Abstract
Background: Childhood cancer survivors are at elevated risk for motor and/or sensory neuropathy. The study aims to evaluate the concordance between self-report peripheral neuropathy compared with clinically ascertained peripheral neuropathy, and to identify factors associated with misclassification of peripheral neuropathy among survivors. Methods: The concordance between self-report and clinically ascertained peripheral neuropathy was evaluated among 2,933 5þ years old childhood cancer survivors (mean age 33.3, SD = 8.9). The sensitivity, specificity, and accuracy of self-report peripheral motor neuropathy (PMN) and peripheral sensory neuropathy (PSN) were calculated with reference to clinically assessed peripheral neuropathy. Results: Female survivors were more likely than male survivors to have clinically ascertained PMN (8.4% vs. 5.6%, P = 0.004). For females, having either PSN or PMN the most sensitive, specific, and accurate self-reported symptom was endorsing ≥2 symptoms on the self-report questionnaire (43.2%, 90.3%, and 85.2%, respectively), with kappa of 0.304. For males, having either PSN or PMN the most sensitive, specific, and accurate self-reported symptom was endorsing ≥2 symptoms on the self-report questionnaire (38.8%, 90.5%, and 86.3%, respectively) with kappa of 0.242. Age at diagnosis, emotional distress, and reporting pain in legs in the past 4 weeks were associated with an increased risk for false-positive reporting of peripheral neuropathy. Race (White), age at assessment, and emotional distress were associated with increased risk for false-negative reporting of peripheral neuropathy.

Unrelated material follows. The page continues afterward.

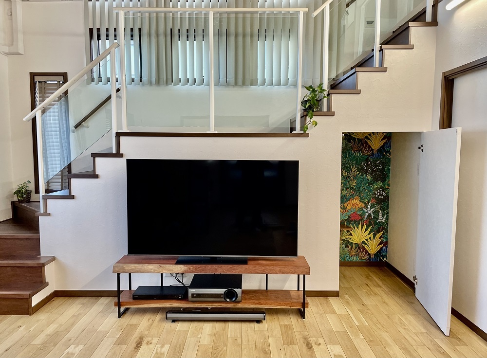 ロフトからはリビング全体が見渡せ、安全性と視認性を意識し、透明なアクリル板の手摺を設置。ロフトの階段下には隠し扉の収納を作り、収納の内部壁紙にもこだわりました。

Conclusions: Agreement between self-report and clinically ascertained peripheral neuropathy was poor in survivors. Choosing self-report versus clinical ascertained peripheral neuropathy should be carefully considered. Impact: The current study identifies the need for a self-report questionnaire that accurately assesses symptoms of peripheral neuropathy among cancer survivors.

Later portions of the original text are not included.